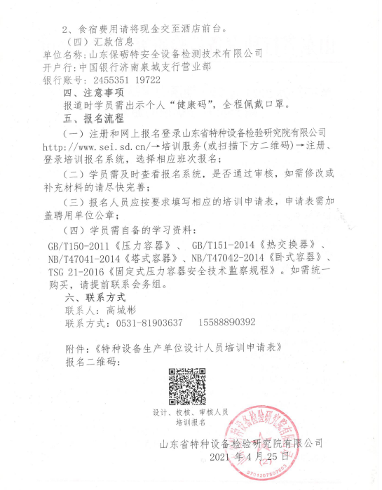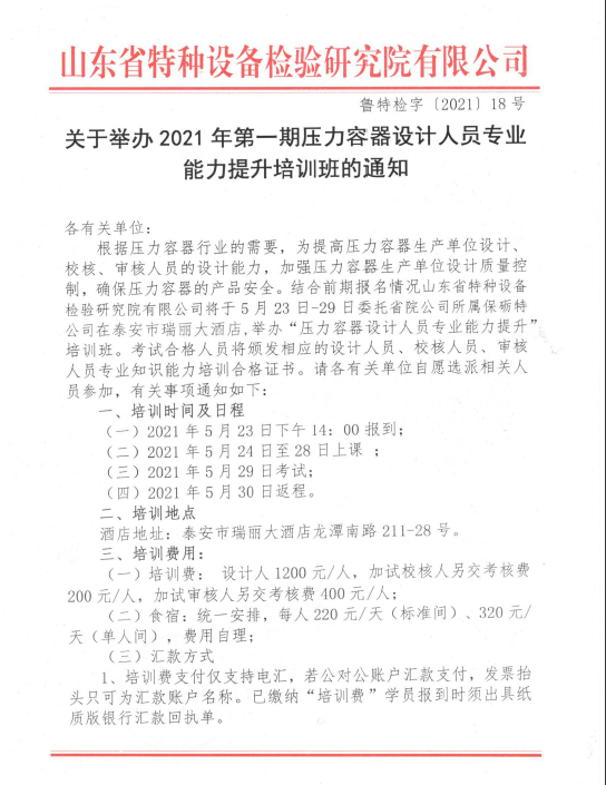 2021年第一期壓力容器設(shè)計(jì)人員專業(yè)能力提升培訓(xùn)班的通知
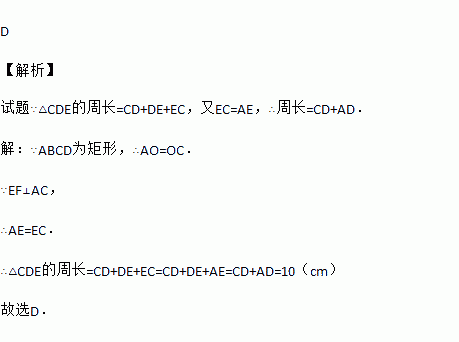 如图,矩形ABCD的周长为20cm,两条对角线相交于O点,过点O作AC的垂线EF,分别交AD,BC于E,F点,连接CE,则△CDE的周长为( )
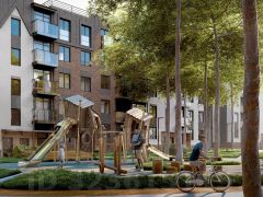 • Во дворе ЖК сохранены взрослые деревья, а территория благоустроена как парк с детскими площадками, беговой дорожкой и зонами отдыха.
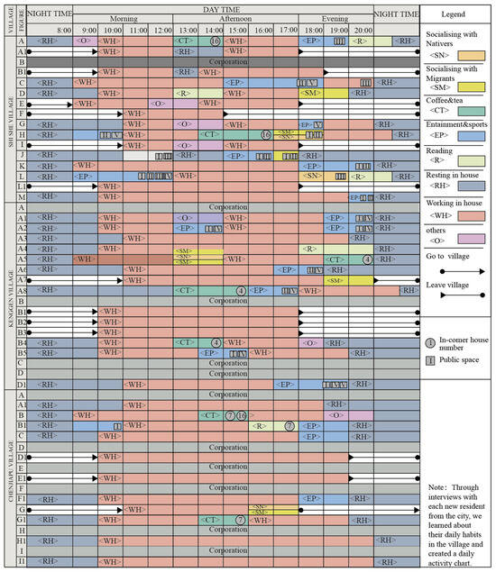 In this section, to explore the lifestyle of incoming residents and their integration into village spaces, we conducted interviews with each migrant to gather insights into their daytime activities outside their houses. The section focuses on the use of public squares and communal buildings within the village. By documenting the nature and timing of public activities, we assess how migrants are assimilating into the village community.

---+---

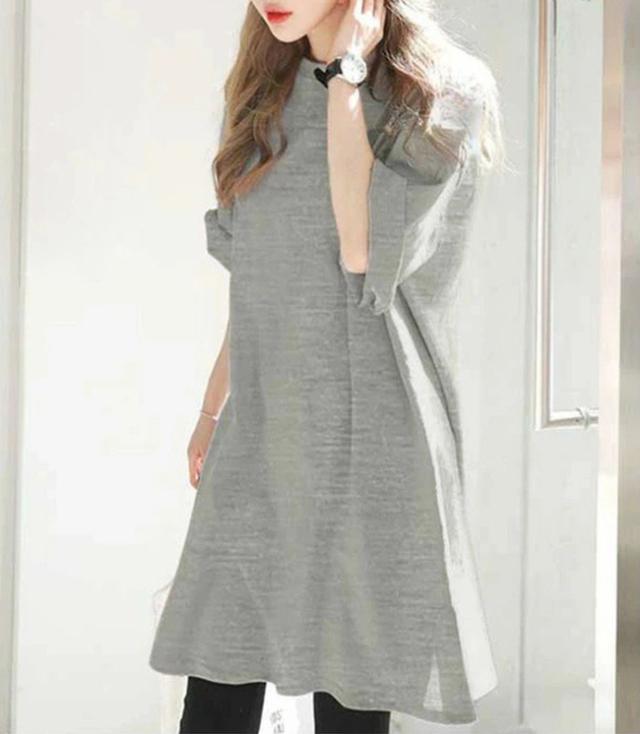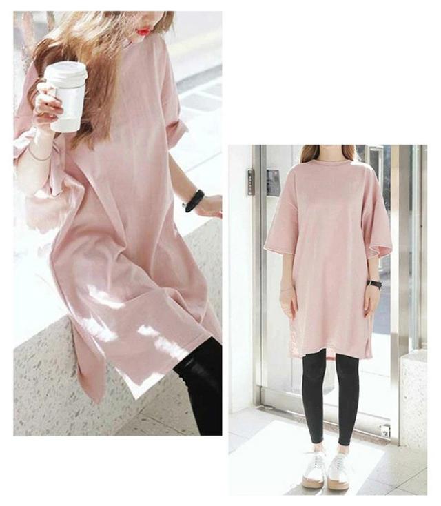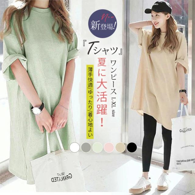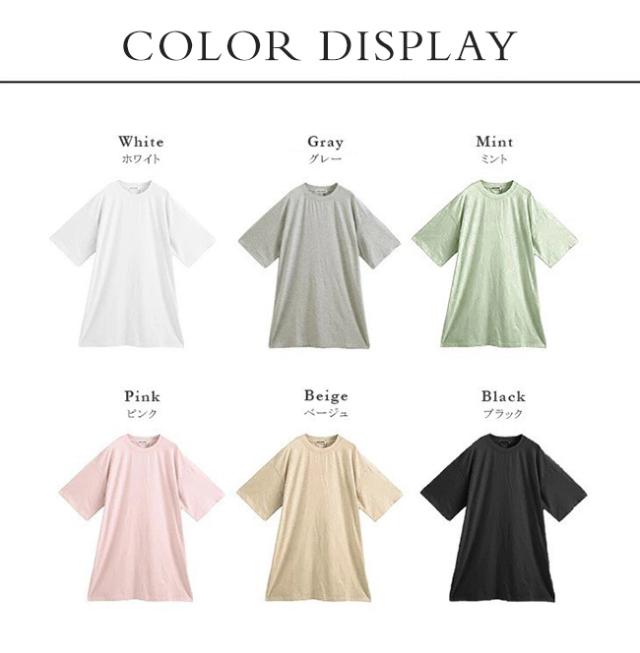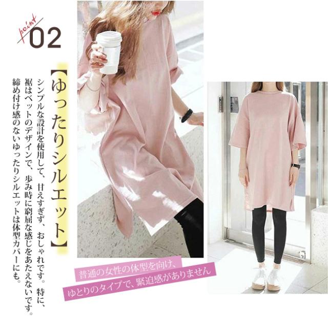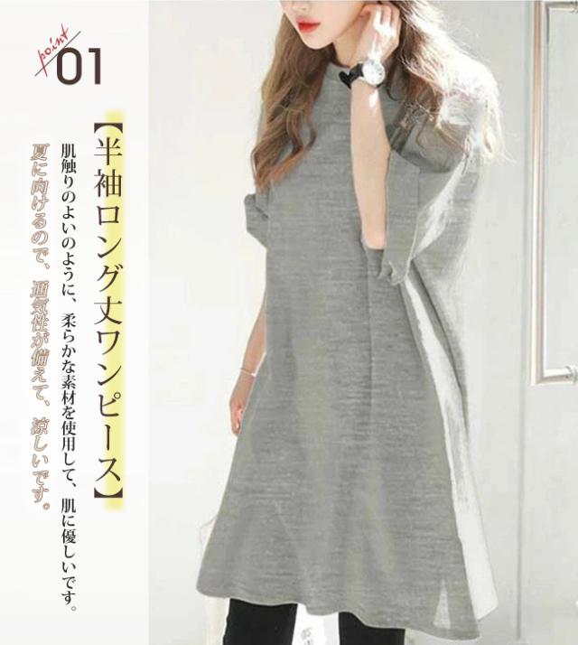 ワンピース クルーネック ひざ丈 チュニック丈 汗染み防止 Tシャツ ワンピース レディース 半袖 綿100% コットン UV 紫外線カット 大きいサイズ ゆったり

---+---

### EXERCISE DIRECTIONS
Copy out exactly the lines above beginning with the line that contains "2021年第一期壓力容器設(shè)計(jì)人員專業(yè)能力提升培訓(xùn)班的通知" and finishing with the line that contains "In this section, to", including both; leave the pictures out.

### OUTPUT OF THE EXERCISE
 2021年第一期壓力容器設(shè)計(jì)人員專業(yè)能力提升培訓(xùn)班的通知
 如图,矩形ABCD的周长为20cm,两条对角线相交于O点,过点O作AC的垂线EF,分别交AD,BC于E,F点,连接CE,则△CDE的周长为( )
 • Во дворе ЖК сохранены взрослые деревья, а территория благоустроена как парк с детскими площадками, беговой дорожкой и зонами отдыха.
 In this section, to explore the lifestyle of incoming residents and their integration into village spaces, we conducted interviews with each migrant to gather insights into their daytime activities outside their houses. The section focuses on the use of public squares and communal buildings within the village. By documenting the nature and timing of public activities, we assess how migrants are assimilating into the village community.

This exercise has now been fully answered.